▶ [Work to be completed]: Repeat every line of the data exactly; no picture belongs in the copy.

[Dataset records]
────────────────
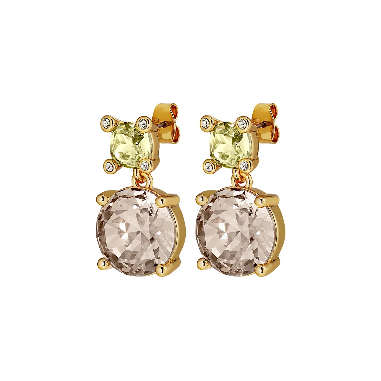 NICOLA - крупный кристалл 15 мм, расположенный под контрастным кристаллом меньшей огранки, обрамленный полированной латунью. Замок из хирургической стали, а корпус из полированной латуни. Здесь представлены в золотом тоне и золотисто-персиковом сочетании. Общая длина 28 мм. ДАТСКИЙ дизайн - без кадмия, свинца и никеля.
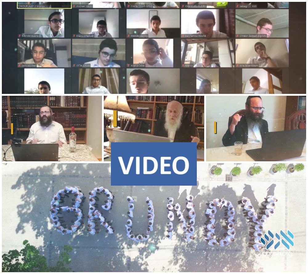 Watch: The teachers, mashpi’im and staff of the famed Brunoy yeshiva did not allow the closing of the physical yeshiva location to stop the learning, shiurim and farbengens.
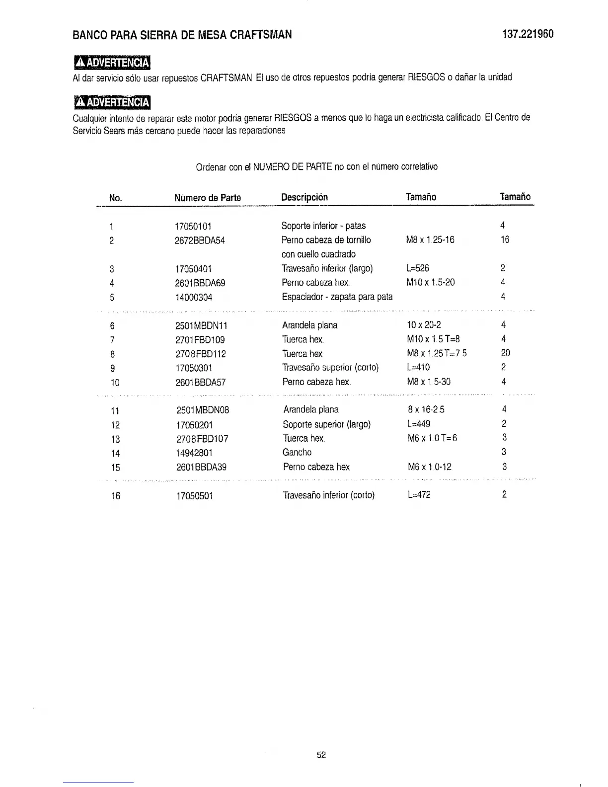 N dar serviciosSlo usar repuestosCRAFTSMAN El uso de otros repuestos podria generar RIESGOSo daSar la unidad
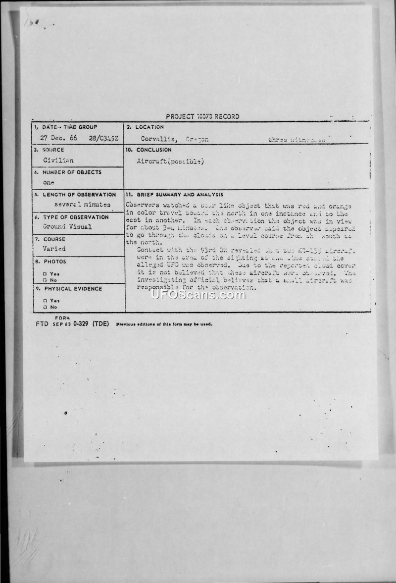 Project 10073 Record — Corvallis, Oregon, 27 Dec 66
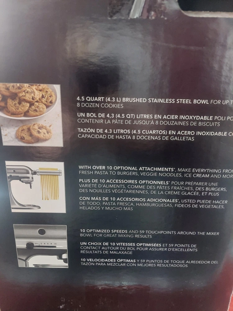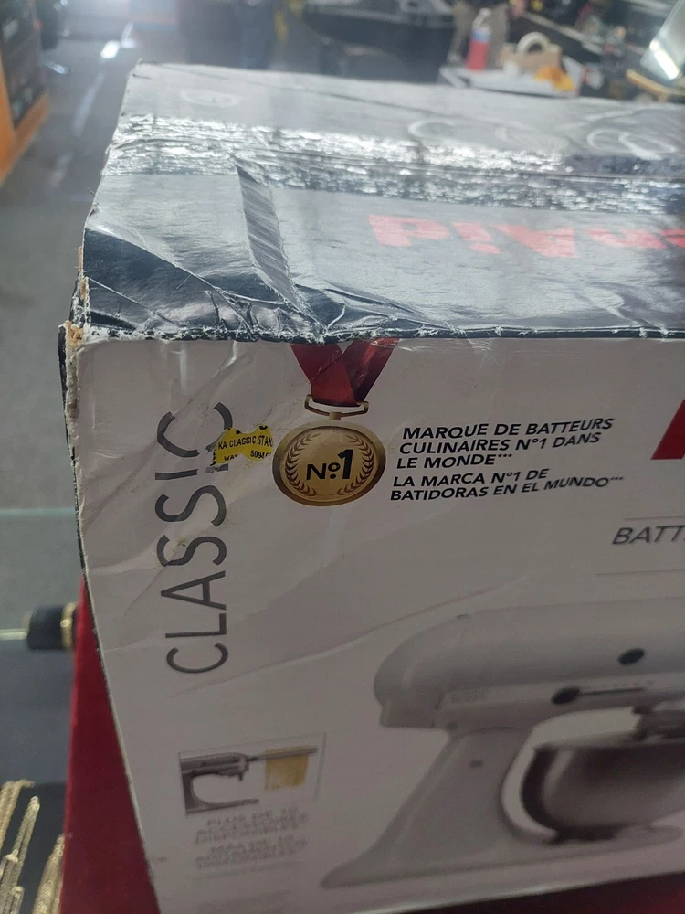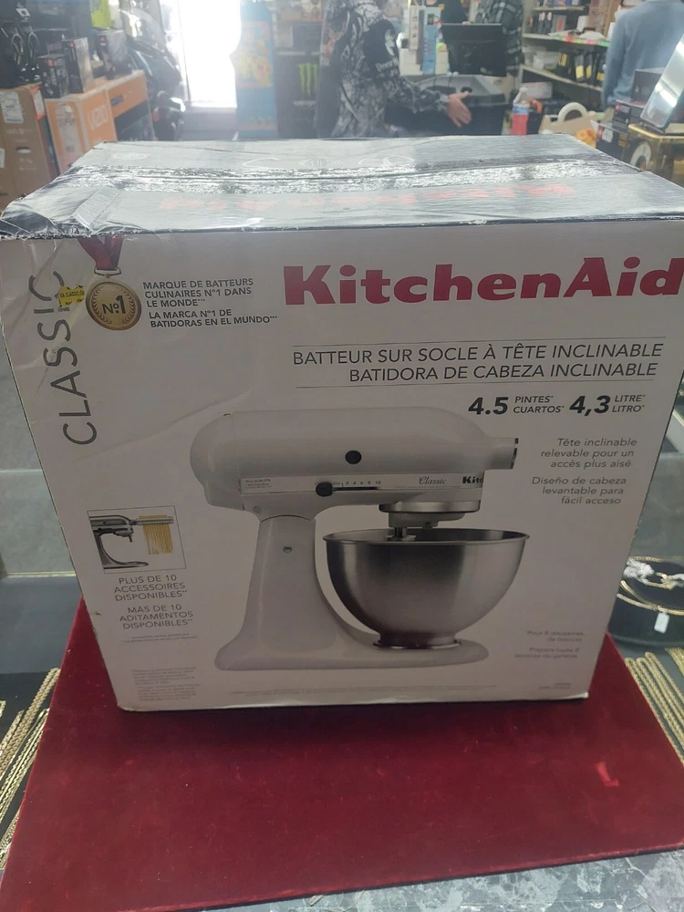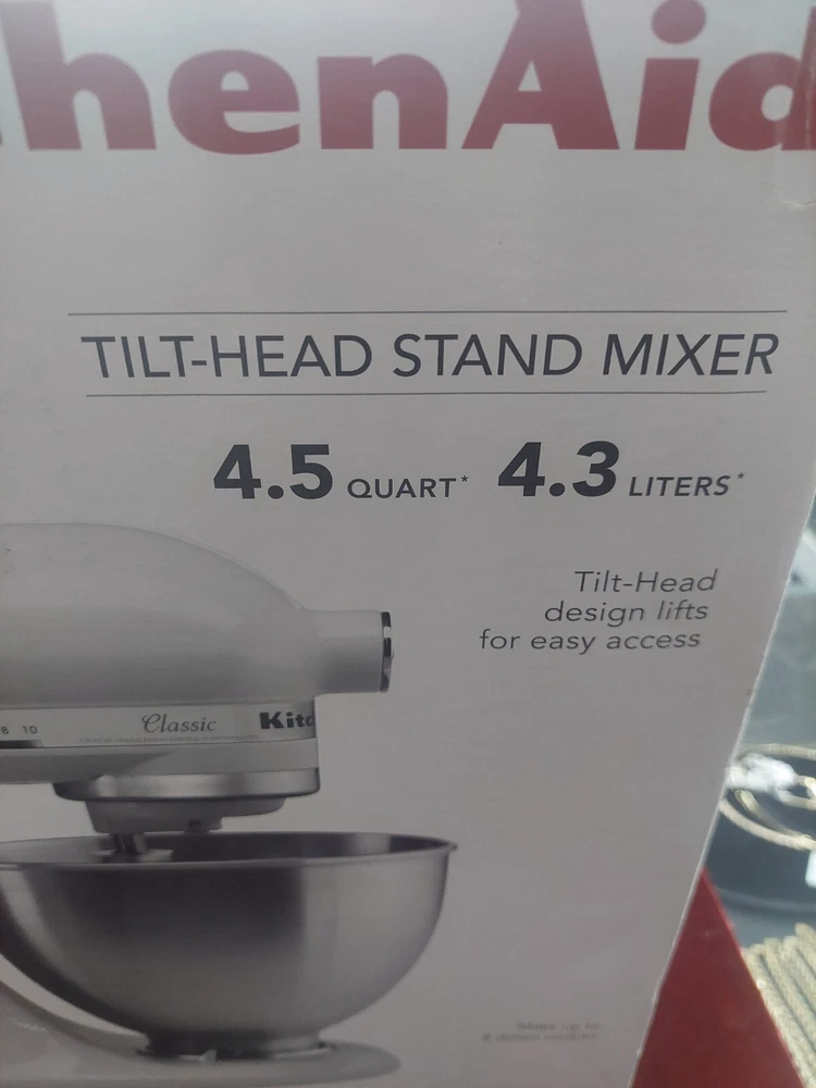 The KitchenAid Tilt-Head Stand Mixer K45SSWH is brand new in the box, there is some minor damage to the box. It comes as shown in the pictures provided. NOTICE WE ONLY SHIP TO THE CONTINENTAL U.S.A.
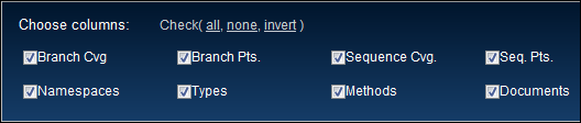 You can choose which code coverage columns are displayed in the Coverage Navigator by clicking in the upper-left corner of the panel. The selections you make here are applied globally, but can be modified at any time, from any level of data.
────────────────
▶ [Expected output]:
 NICOLA - крупный кристалл 15 мм, расположенный под контрастным кристаллом меньшей огранки, обрамленный полированной латунью. Замок из хирургической стали, а корпус из полированной латуни. Здесь представлены в золотом тоне и золотисто-персиковом сочетании. Общая длина 28 мм. ДАТСКИЙ дизайн - без кадмия, свинца и никеля.
 Watch: The teachers, mashpi’im and staff of the famed Brunoy yeshiva did not allow the closing of the physical yeshiva location to stop the learning, shiurim and farbengens.
 N dar serviciosSlo usar repuestosCRAFTSMAN El uso de otros repuestos podria generar RIESGOSo daSar la unidad
 Project 10073 Record — Corvallis, Oregon, 27 Dec 66
 The KitchenAid Tilt-Head Stand Mixer K45SSWH is brand new in the box, there is some minor damage to the box. It comes as shown in the pictures provided. NOTICE WE ONLY SHIP TO THE CONTINENTAL U.S.A.
 You can choose which code coverage columns are displayed in the Coverage Navigator by clicking in the upper-left corner of the panel. The selections you make here are applied globally, but can be modified at any time, from any level of data.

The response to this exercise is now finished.